When a user first begins to interact with the system, the singular emotion label given to any particular track reflects the average of ratings given to that track or similar tracks by the subjects in the tests at BIDMC or online. During the training phase, each track is divided into five-second segments. Because subjects in the BIDMC tests rated songs continuously, the learning algorithm has access to all of the subjects' emotional labels for each five-second segment of every song. These segments are then used to train the classifier to recognize the emotions indicated by the subjects as correlated to the feature vectors for those segments. Subsequently, in the operation phase (FIG. 2), tracks being classified are similarly cut into five-second segments. Each segment is classified individually, and recorded into a time- varying representation of the emotional trajectory of the song (see the graph of FIG. 7, depicting a time-varying prediction of emotional response produced by the embodiment). The time-varying representation is used to predict changes in the emotional response to a particular song over time. For overall ratings of the entire song, the classifier takes the sum of weightings for each of the five classes during all of the five-second segments to derive a single emotional distribution for the entire song.

The nature of the classification of each five-second segment will now be examined in more detail. First of all, the segment formation rule is currently set to five seconds, but may be any consistent duration. The classifier output after the training phase produces for each segment a probability distribution across five classes: high valence/high arousal (happy); high valence/how arousal (content); low valence/high arousal (anxious); low valence/low arousal

(sad); and neutral (no predominant values for either valence or arousal). Each segment receives a five-value distribution of energy across these five classes, such that the sum of all five is equal to one. For example, one segment might be valued as 0.6 happy (60%), 0.1 content (10%), 0.1 anxious (10%), 0.1 sad (10%), and 0.1 neutral (10%). Such a segment would be classified as predominantly happy. For an entire song, the probability distributions for all five-second segments are summed to provide a distribution for the song overall, and the most heavily weighted class from that sum is taken as the overall emotional classification for the track.

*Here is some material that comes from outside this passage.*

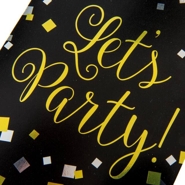 Each postcard-style invitation features a pattern of metallic silver, gold, and white square confetti that really pops off the classic black background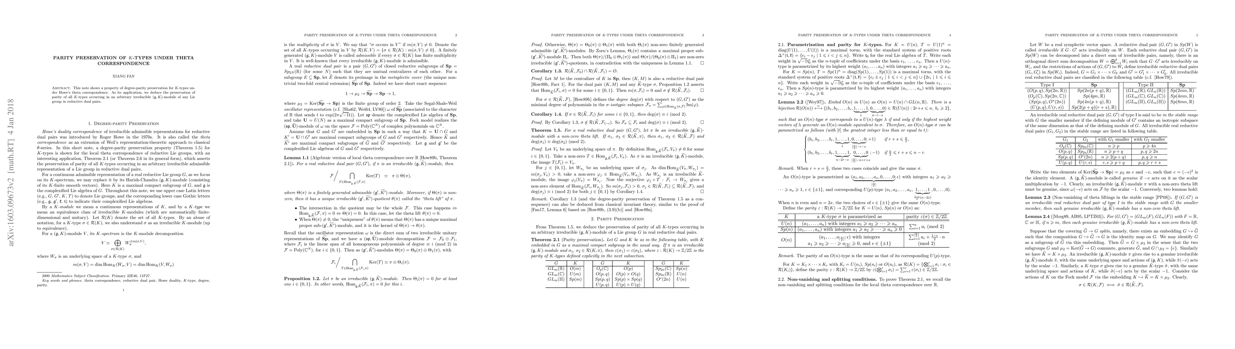 This note shows a property of degree-parity preservation for $K$-types under Howe's theta correspondence. As its application, we deduce the preservation of parity of all $K$-types occurring in an arbitrary irreducible $(\mathfrak{g},K)$-module of any Lie group in reductive dual pairs.

In the update phase (FIG. 3), new data arriving from a user's interaction with the song player is used to retrain the classifier with information specific to that user (FIG. 3). That is, a support vector machine is retrained using the same audio features listed in Appendix A, but with new emotional labels provided by an individual user in addition to those coming from the BIDMC tests and other users who have entered data online. When that user interacts with the MCST subsequently, it will respond with emotional predictions based on a personalized classifier trained by data taken predominantly from that user for songs the user has rated, along with other classifications taken from the larger pool of users for songs that that particular listener has not individually rated.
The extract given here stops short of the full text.